EXHIBIT 3(A)

                       RESTATED ARTICLES OF INCORPORATION

                                       OF

                               GENTEX CORPORATION

      The following Restated Articles of Incorporation are executed by the
undersigned corporation pursuant to the provisions of Act 284, Public Acts of
1972:

      1.    The present name of the corporation is: Gentex Corporation.

      2.    The corporation identification number assigned by the Bureau is:
            085536.

      3.    All former names of the corporation are: None.

      4.    The date of filing the original Articles of Incorporation was:
            January 11, 1974.

      The following Restated Articles of Incorporation supersede the original
Articles of Incorporation as amended and shall be the Articles of Incorporation
for the corporation:

                                    ARTICLE I

      The name of the corporation is Gentex Corporation.

                                   ARTICLE II

      The purpose or purposes for which the corporation is organized is to
engage in any activity within the purposes for which corporations may be
organized under the Business Corporation Act of Michigan.

                                   ARTICLE III

      The total number of shares of all classes of stock which the corporation
shall have the authority to issue is 205,000,000 shares, consisting of
200,000,000 shares of Common Stock, par value $.06 per share, and 5,000,000
shares of Preferred Stock, no par value.

      The authorized shares of Common Stock of the par value of $.06 per share
are all of one class with equal voting power, and each such share shall be equal
to every other such share.

      The shares of Preferred Stock may be divided into and issued in one or
more series. The Board of Directors is hereby authorized to cause the Preferred
Stock to be issued from time to time in one or more series with such
designations and such relative voting, dividend, liquidation, and other rights,
preferences, and limitations as shall be stated and expressed in the resolution
providing for the issue of such Preferred Stock adopted by the Board of
Directors. The Board of Directors by vote of a majority of the whole Board, is
expressly authorized to adopt such resolution or resolutions and issue such
stock from time to time as it may deem desirable.

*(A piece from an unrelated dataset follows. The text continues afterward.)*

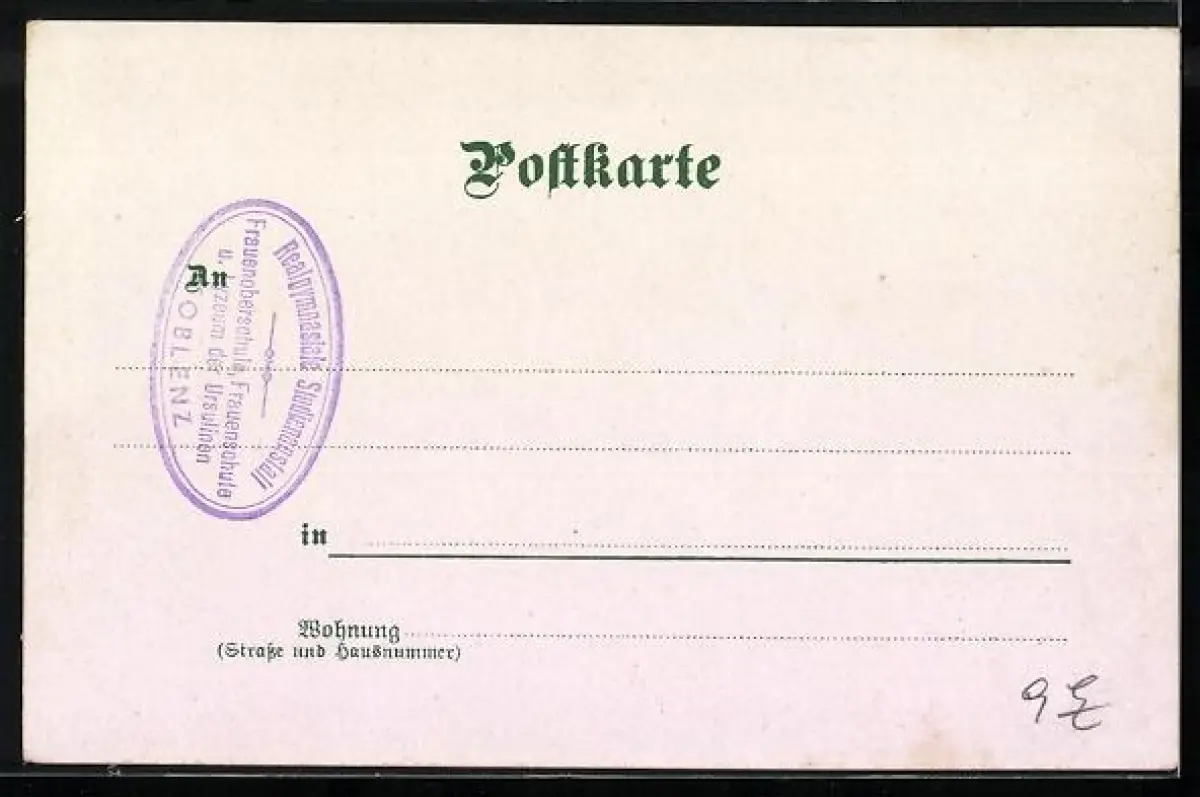Personenbezogene Daten auf der Rückseite der Karte wurden durch blauen Textmarker unkenntlich gemacht. Die blauen Stellen sind auf die Vorderseite durchgeweicht und wirken sich negativ auf das Postkartenfoto aus

                                   ARTICLE IV

      The address of the registered office, which is the same as the mailing
address, is 600 N. Centennial Street, Zeeland, Michigan 49464. The name of the
resident agent at the registered office is Fred T. Bauer.

                                    ARTICLE V

      The corporation shall, to the full extent permitted by the Michigan
Business Corporation Act, as amended from time to time, indemnify all persons
whom it may indemnify pursuant thereto.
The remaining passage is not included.